Others rocked back and forwards, clutching their knees, thinking and thinking again . . . trying to work out why they were there. “I think I know who did it. I think I know.” It was their neighbour who always hated them, the neighbour who wanted their land, it was their half-brother who wanted their inheritance, it was a business rival, it was the priest who was in love with their wife . . .
And he sat too, by the embers of a fire, leaning on the stone of the castle wall, wrapped in his oily sheepskin. And in the white and ora
nge flames, he saw two faces, one of Love and one of Hate. His young, pretty wife Grete, with whom he had had such short but joyful times. And the wooden carving of the Virgin he’d seen in Honau, blackening and blistering in the heretics’ bonfire.
† † †
Father wakes him around dawn. No message has come from Bishop or Chapter.

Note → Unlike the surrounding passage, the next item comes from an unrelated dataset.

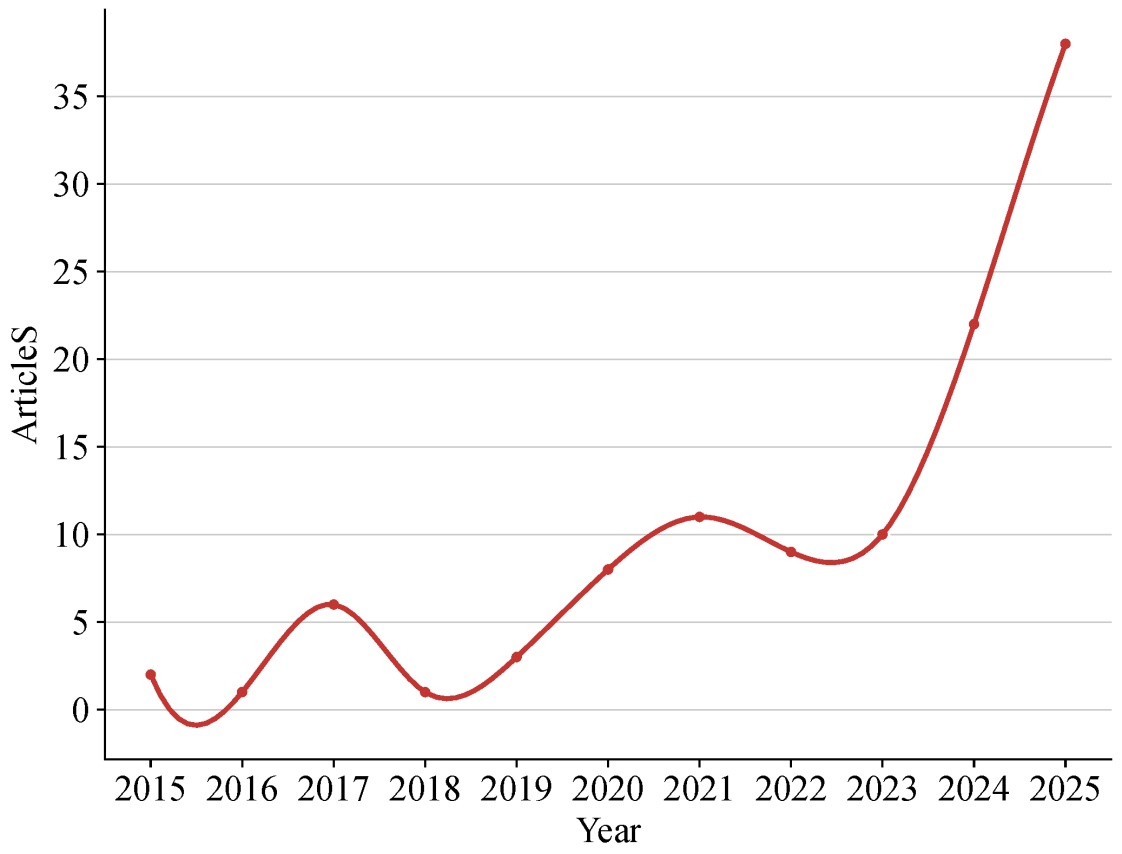 对纳入文献分析,统计年发文量(图1)。2015年至2025年间,抑郁症和脑胶质淋巴系统相关文献的年度发表文献数量的变化趋势:自2015年的2篇文献起,每年的发表量总体呈增加趋势,在2023年发文量增加较为迅速,到2025年已增至38篇。这得出,该领域虽然仍较为小众,但受学术界的关注度逐渐增加,未来非常可能成为抑郁症研究中的又一热点。

“Listen my boy,” he says, sitting down next to him. “When these great Lords in the Cathedral Chapter, these von Zaberns and von Diezes and von Moders, when they let good Christian citizens of Hagenburg burn to death, then our city is at War, do you understand? Someone, somehow, some way, has to show the Lords of the Church that they cannot do just as they please with us. It is we who pay the taxes that keep them in wine and ermine. It is our money that builds their Cathedral. Do you hear me?”
Manfred nods, “Father I hear you.” Then Manfred’s name is called from the keep doorway—it is time for his interrogation. He kisses his Father’s hand and stands. His Father looks up at him. “Good luck, my boy. I’ll be waiting for you.”